__WHAT NEEDS TO BE DONE__: Pictures in the material below are to be left out, and only the lines from the line with "This bench is" up to and including the line with "The Wolfe Waves" are to be written out exactly.

++++ DATASET ENTRIES

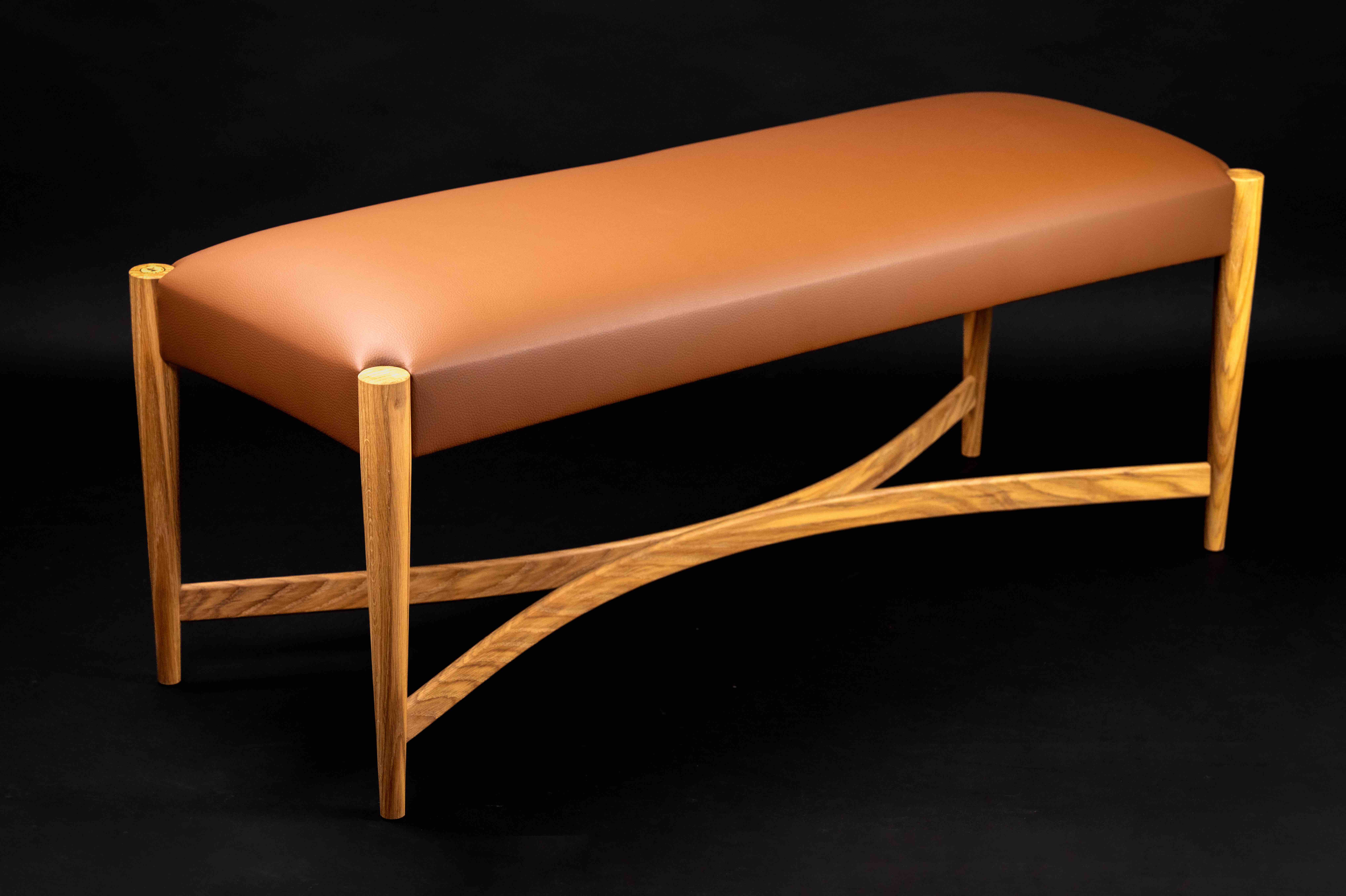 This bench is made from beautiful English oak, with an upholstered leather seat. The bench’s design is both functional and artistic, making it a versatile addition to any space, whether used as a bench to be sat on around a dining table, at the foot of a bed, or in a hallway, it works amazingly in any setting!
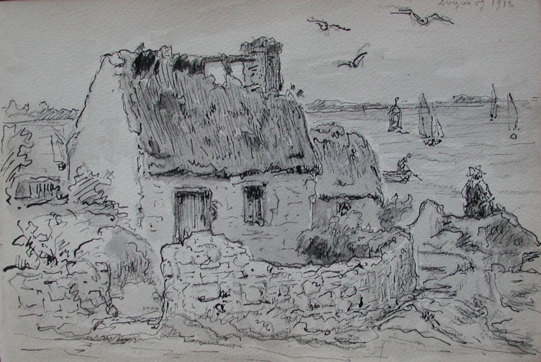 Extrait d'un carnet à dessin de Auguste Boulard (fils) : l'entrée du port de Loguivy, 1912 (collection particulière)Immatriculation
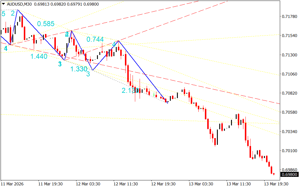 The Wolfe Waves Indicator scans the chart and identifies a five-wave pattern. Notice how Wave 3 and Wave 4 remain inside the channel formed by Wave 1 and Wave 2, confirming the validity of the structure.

++++++++
++++ DATASET ENTRIES

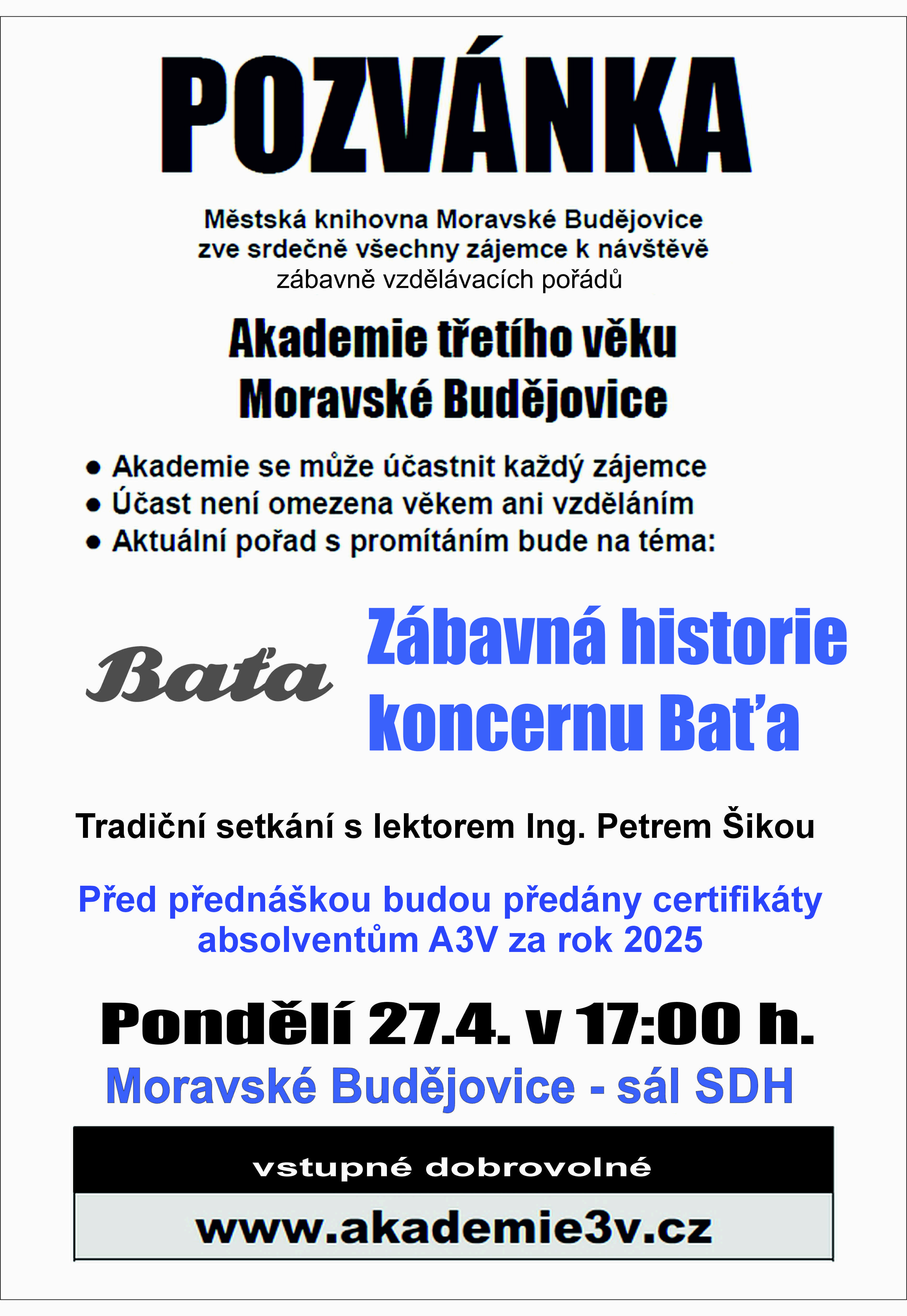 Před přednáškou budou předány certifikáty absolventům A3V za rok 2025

++++++++

__ANSWER TO THE PROBLEM__:
 This bench is made from beautiful English oak, with an upholstered leather seat. The bench’s design is both functional and artistic, making it a versatile addition to any space, whether used as a bench to be sat on around a dining table, at the foot of a bed, or in a hallway, it works amazingly in any setting!
 Extrait d'un carnet à dessin de Auguste Boulard (fils) : l'entrée du port de Loguivy, 1912 (collection particulière)Immatriculation
 The Wolfe Waves Indicator scans the chart and identifies a five-wave pattern. Notice how Wave 3 and Wave 4 remain inside the channel formed by Wave 1 and Wave 2, confirming the validity of the structure.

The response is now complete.